GIVEN DATA:
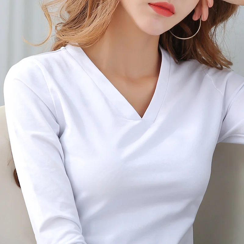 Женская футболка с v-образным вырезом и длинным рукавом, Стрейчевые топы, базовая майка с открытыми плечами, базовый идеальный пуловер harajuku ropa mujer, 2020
...
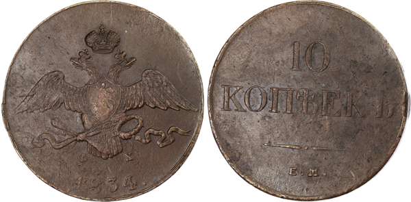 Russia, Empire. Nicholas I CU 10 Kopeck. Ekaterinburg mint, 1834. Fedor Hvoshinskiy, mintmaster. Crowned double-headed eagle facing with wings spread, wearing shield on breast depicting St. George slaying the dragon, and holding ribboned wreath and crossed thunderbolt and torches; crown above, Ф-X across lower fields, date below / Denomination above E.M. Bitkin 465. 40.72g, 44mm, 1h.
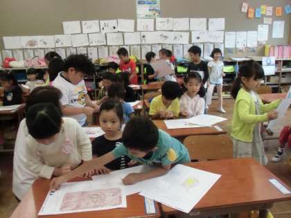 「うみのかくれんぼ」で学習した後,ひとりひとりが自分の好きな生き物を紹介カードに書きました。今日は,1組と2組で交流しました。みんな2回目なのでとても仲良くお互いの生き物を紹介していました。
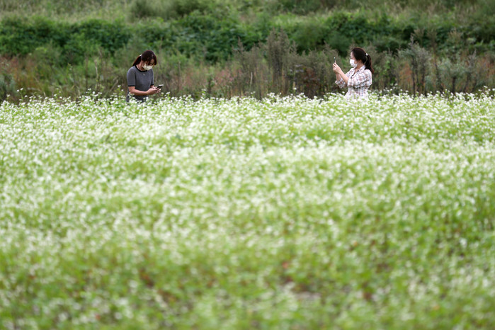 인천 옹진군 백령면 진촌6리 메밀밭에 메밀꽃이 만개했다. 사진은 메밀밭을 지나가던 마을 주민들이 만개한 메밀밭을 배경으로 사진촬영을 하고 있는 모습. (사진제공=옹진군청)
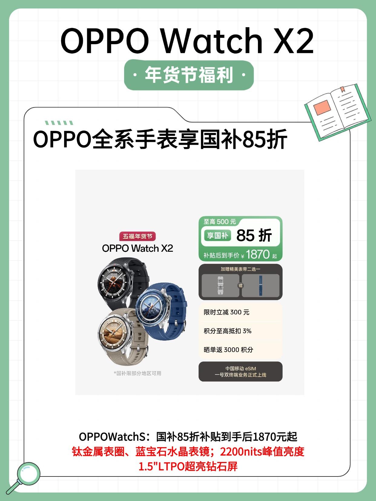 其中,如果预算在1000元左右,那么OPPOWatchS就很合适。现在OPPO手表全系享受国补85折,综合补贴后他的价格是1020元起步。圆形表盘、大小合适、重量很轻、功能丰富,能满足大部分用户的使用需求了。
* * *
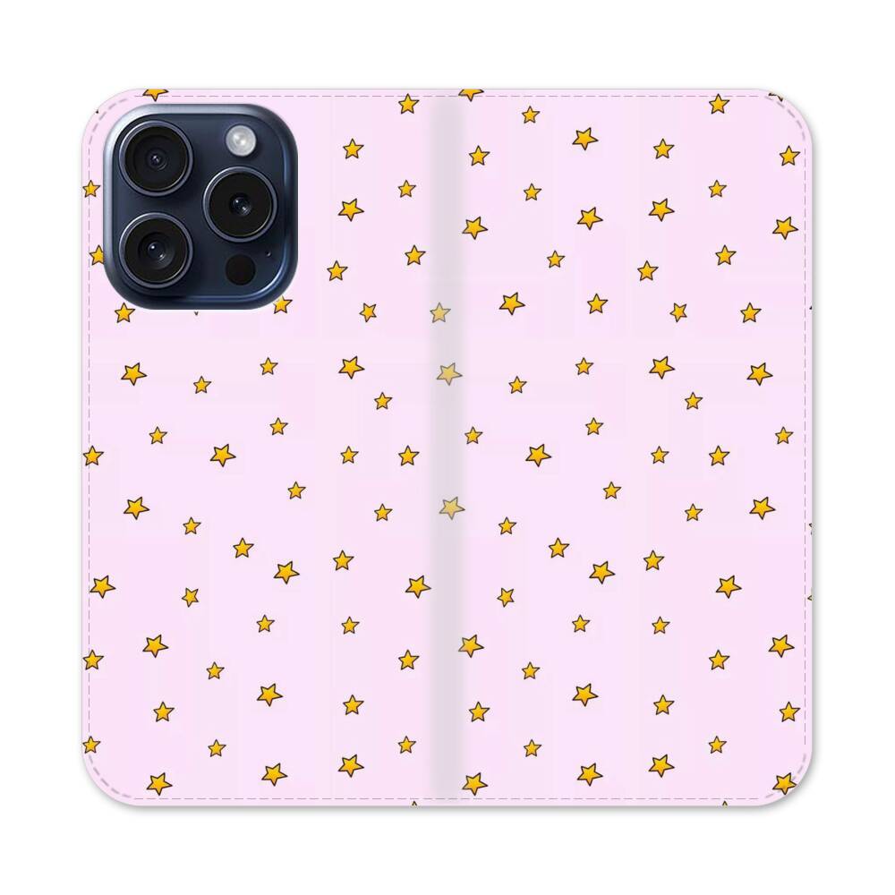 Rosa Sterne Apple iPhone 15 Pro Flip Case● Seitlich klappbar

YOUR INSTRUCTIONS:
From the line with "인천 옹진군 백령면 진촌6리" up to and including the line with "其中,如果预算在1000元左" above, retype every line exactly and nothing more; leave out the pictures.

RESULT:
 인천 옹진군 백령면 진촌6리 메밀밭에 메밀꽃이 만개했다. 사진은 메밀밭을 지나가던 마을 주민들이 만개한 메밀밭을 배경으로 사진촬영을 하고 있는 모습. (사진제공=옹진군청)
 其中,如果预算在1000元左右,那么OPPOWatchS就很合适。现在OPPO手表全系享受国补85折,综合补贴后他的价格是1020元起步。圆形表盘、大小合适、重量很轻、功能丰富,能满足大部分用户的使用需求了。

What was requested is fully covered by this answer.